Gate out debris and select for cell size using the S1 gate. Choose singlet cells in a dot plot of forward scatter width versus forward scatter height with S2 gate. For establishing fluorophore gates, use the relevant FMO for each fluorophore channel.
With single parameter histograms, determine the positive signal in each channel and establish the gates accordingly. Carefully record the samples using the established gating strategy. Identify microglia using P2 RY 12 plus signal and determine protein expression in the respective channel for microglia only.

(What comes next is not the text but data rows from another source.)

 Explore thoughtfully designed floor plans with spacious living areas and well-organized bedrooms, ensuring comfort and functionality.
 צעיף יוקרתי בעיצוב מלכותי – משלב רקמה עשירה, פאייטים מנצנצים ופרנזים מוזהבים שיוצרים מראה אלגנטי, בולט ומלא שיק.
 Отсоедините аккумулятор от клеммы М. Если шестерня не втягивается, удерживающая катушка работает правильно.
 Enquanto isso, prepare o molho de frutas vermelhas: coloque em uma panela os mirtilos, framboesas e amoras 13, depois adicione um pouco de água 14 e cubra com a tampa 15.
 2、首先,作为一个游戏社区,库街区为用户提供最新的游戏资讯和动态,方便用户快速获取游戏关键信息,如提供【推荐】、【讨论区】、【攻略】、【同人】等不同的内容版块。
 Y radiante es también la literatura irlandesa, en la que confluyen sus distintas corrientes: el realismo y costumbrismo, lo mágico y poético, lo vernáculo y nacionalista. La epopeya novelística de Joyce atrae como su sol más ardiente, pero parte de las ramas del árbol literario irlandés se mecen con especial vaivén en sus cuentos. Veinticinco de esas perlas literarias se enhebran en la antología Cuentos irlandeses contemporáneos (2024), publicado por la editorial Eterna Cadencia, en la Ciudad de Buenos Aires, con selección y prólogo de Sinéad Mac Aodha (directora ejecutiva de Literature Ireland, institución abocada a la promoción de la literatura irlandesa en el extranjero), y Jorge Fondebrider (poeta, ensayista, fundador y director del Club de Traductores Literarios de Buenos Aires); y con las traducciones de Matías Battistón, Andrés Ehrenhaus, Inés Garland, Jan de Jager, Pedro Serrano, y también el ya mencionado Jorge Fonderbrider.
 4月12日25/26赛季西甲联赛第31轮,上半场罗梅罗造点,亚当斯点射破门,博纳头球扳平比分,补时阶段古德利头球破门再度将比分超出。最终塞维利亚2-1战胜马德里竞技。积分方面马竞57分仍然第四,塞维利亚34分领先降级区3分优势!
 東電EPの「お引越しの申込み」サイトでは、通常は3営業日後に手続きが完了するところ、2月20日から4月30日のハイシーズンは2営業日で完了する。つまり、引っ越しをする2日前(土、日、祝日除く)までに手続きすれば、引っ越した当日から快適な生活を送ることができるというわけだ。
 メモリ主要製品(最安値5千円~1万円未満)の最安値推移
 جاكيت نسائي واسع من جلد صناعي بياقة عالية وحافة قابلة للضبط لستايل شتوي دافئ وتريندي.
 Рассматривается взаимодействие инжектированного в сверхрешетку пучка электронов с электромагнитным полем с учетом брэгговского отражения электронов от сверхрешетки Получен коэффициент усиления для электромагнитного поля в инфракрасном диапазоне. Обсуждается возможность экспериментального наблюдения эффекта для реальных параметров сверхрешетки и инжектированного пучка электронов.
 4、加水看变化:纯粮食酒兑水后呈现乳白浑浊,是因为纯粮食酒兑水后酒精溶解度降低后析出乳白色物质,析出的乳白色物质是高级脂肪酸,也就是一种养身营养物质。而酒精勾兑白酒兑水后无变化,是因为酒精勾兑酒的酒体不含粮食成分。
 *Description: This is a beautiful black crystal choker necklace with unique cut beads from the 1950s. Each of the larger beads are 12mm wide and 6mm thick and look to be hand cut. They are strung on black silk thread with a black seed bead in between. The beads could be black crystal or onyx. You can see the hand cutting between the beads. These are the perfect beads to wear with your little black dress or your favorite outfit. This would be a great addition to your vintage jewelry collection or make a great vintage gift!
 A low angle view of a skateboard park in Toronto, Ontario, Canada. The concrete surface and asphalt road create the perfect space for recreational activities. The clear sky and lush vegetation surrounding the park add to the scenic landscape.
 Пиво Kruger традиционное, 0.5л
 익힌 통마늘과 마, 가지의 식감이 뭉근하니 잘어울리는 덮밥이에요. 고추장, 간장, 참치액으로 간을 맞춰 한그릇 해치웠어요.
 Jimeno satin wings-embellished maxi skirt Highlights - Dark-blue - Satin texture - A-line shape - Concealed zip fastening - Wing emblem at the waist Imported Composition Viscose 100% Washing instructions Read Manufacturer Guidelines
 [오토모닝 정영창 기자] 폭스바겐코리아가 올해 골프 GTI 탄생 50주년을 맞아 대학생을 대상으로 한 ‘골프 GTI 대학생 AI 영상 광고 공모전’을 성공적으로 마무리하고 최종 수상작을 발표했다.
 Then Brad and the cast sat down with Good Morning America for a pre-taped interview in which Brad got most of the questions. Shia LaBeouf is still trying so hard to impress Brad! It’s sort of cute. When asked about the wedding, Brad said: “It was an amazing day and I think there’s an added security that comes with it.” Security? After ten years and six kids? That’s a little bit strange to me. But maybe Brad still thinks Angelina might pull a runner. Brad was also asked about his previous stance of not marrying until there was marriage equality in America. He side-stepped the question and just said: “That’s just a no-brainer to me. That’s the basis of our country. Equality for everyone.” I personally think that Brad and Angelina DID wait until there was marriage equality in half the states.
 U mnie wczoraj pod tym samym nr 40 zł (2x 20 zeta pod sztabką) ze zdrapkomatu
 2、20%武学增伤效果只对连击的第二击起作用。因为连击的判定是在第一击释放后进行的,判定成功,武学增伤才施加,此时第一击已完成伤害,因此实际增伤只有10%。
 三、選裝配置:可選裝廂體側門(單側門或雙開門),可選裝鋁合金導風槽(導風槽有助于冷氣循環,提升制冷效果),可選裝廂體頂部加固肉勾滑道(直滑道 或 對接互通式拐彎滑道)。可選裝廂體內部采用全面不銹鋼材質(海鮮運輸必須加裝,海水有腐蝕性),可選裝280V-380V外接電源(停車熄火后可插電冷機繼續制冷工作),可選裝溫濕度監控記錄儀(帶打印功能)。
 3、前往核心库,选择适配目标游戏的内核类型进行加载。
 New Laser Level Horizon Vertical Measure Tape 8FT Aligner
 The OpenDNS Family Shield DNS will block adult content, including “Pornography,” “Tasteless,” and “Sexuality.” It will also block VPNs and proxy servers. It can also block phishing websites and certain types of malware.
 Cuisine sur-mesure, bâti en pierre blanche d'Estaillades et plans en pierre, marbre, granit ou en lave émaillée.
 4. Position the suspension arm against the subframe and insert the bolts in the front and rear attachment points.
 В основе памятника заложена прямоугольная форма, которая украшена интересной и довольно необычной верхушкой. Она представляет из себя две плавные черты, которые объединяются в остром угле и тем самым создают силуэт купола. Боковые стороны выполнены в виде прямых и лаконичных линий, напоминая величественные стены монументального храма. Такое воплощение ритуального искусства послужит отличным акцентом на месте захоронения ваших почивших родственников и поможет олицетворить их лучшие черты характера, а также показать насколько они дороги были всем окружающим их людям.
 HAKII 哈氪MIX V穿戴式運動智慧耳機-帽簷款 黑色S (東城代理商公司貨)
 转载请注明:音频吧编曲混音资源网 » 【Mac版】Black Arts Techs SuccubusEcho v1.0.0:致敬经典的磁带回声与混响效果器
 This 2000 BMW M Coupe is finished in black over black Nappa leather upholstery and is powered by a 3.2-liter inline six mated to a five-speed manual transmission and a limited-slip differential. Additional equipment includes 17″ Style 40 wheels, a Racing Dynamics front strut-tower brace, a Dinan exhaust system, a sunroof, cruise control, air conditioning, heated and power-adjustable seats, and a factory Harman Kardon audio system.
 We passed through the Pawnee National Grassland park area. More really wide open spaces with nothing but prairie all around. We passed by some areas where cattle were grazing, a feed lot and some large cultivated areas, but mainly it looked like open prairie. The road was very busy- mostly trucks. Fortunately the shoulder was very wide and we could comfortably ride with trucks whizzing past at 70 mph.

Establish analysis gates on the cytometer analysis software user interface by replicating the same gating strategy used during recording. Use the add statistics function to select the median for the population of interest on the compensated channel height. Export the MFI values for the respective channels to a spreadsheet using the table editor for further statistical analysis.
Lipopolysaccharide treatment induced an increase in histone H3 lysine 27 acetylation when the MFI is normalized within sets. Histogram analysis of the stained cells showed normally distributed populations with cell shifts to increased fluorescence. A similar increase in histone H3 lysine 27 acetylation was seen in the stained cells.